• **Task details**: Please, from the entries below, transcribe exactly the lines that begin at the line with "Crafted from the" and end at the line with "- Información del", without the pictures.

• **Data supplied**:
>>>
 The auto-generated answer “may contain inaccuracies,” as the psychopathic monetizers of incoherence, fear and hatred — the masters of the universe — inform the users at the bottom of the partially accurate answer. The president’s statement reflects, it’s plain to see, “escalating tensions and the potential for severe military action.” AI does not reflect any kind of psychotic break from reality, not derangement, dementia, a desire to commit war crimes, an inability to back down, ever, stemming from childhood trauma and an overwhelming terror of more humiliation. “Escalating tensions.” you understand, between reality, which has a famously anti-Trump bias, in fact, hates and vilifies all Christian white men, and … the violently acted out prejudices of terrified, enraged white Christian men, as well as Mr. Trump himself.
<<<
>>>
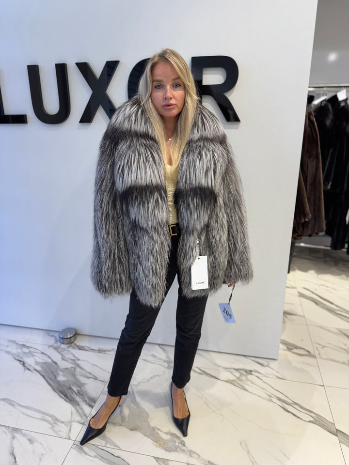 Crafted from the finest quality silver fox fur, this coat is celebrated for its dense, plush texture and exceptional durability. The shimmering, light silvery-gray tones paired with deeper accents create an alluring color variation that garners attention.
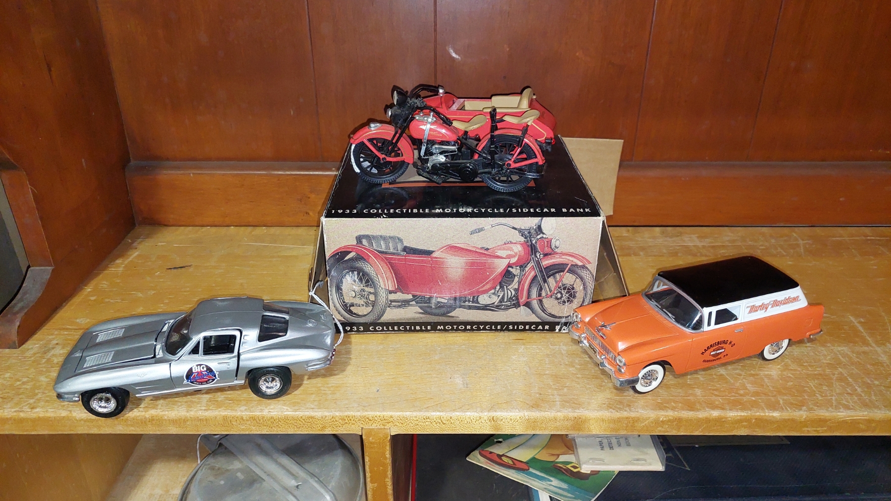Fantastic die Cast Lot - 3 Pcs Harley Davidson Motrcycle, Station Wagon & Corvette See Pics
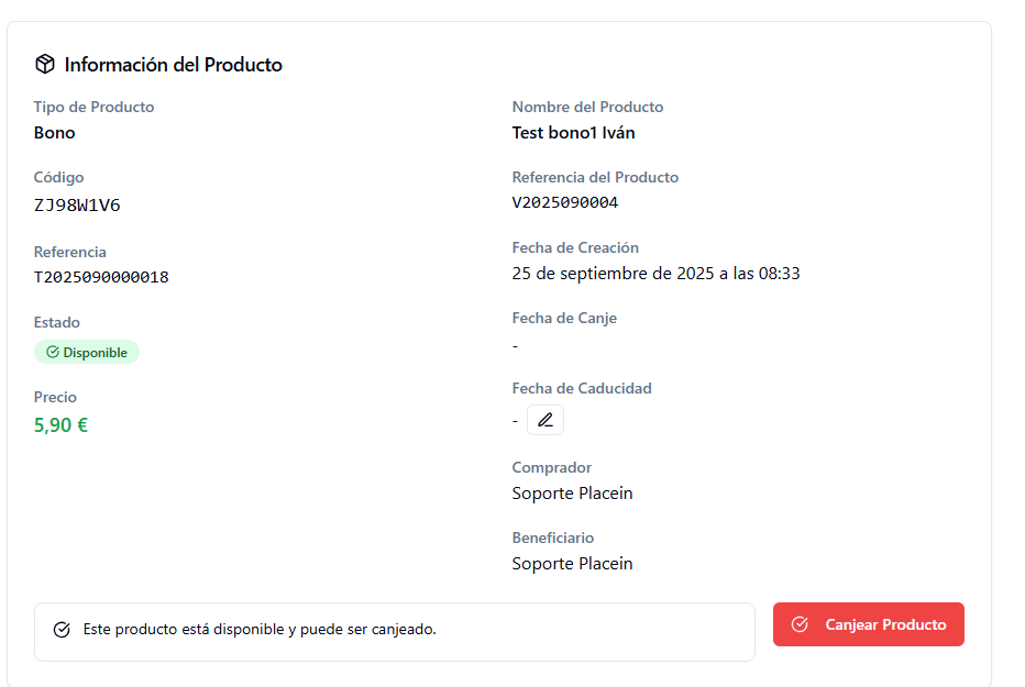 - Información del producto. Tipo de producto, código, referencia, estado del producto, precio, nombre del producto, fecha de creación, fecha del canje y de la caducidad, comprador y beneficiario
<<<
• **Answer below**:
 Crafted from the finest quality silver fox fur, this coat is celebrated for its dense, plush texture and exceptional durability. The shimmering, light silvery-gray tones paired with deeper accents create an alluring color variation that garners attention.
Fantastic die Cast Lot - 3 Pcs Harley Davidson Motrcycle, Station Wagon & Corvette See Pics
 - Información del producto. Tipo de producto, código, referencia, estado del producto, precio, nombre del producto, fecha de creación, fecha del canje y de la caducidad, comprador y beneficiario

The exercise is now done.